Janus Kinase Inhibitors for the Management of Patients With Inflammatory Bowel Disease.

In recent years, knowledge about the pathophysiology of inflammatory bowel disease (IBD) has led to the development of novel therapies and biologics with differing mechanisms of action. A major innovation has been the development of small molecules. Tofacitinib was the first pan-Janus kinase (Jak) inhibitor approved for the treatment of IBD, targeting the 4 isoforms of cytokine-associated Jaks (Jak1, Jak2, Jak3, and tyrosine-protein kinase 2). Compared with biologic agents, novel small molecules have a short half-life, a rapid onset of action, and no immunogenicity, but they are associated with a potentially increased risk of off-target side effects.
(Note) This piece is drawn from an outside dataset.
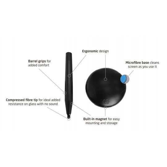 NEC SST Pen-Eraser Kit - Sada pera a gumy pre veľkoformátové dotykové displeje NEC ShadowSense Popis Zanechajte svoju stopu Sada pera a gumy NEC ShadowSense™ je špeciálne navrhnutá tak, aby vám poskytla pocit, ktorý je najbližší písaniu na papier, ale bez batérií alebo elektroniky, o ktorú sa musíte starať. Súprava kombinuje výkonnostné výhody aktívneho stylusu s jednoduchosťou pasívneho systému. Integrované magnety v pere aj v gume umožňujú jednoduchú montáž na displej NEC ShadowSense Touch a pomáhajú udržiavať čistotu a neporiadok v konferenčnej miestnosti. Výhody ?Súprava bez problémov spolupracuje s technológiou ShadowSense Touch a ponúka intuitívne písanie ako na papieri. ?Presné pero okamžite eliminuje neúmyselné spojovacie ťahy, zatiaľ čo presná guma eliminuje náhodné vymazanie. ?Využívajte výhody automatického rozpoznávania interakcií, či už ide o dotykové gestá, písanie perom alebo uľahčenie. ?Vďaka natívnej podpore technológie ShadowSense Touch pre atrament systému Windows Ink možno funkcie používať v aplikáciách PowerPoint, OneNote a mnohých ďalších...

These differences in properties between biologic and oral small molecule therapies may be important when considering their relative treatment positioning and role in clinical practice. Although tofacitinib has been demonstrated to be highly effective as both first- and second-line therapy for ulcerative colitis, concerns about safety, including the risk of infection, venous thromboembolism, major adverse cardiovascular events, and malignancy, have dampened enthusiasm for its widespread use. Subsequently, several Jak inhibitors with more selective profiles, and potentially improved safety while maintaining treatment efficacy, are currently in late-stage clinical trials for use in patients with IBD. This article summarizes the current data regarding the use, safety, and efficacy of Jak inhibitors in patients with IBD.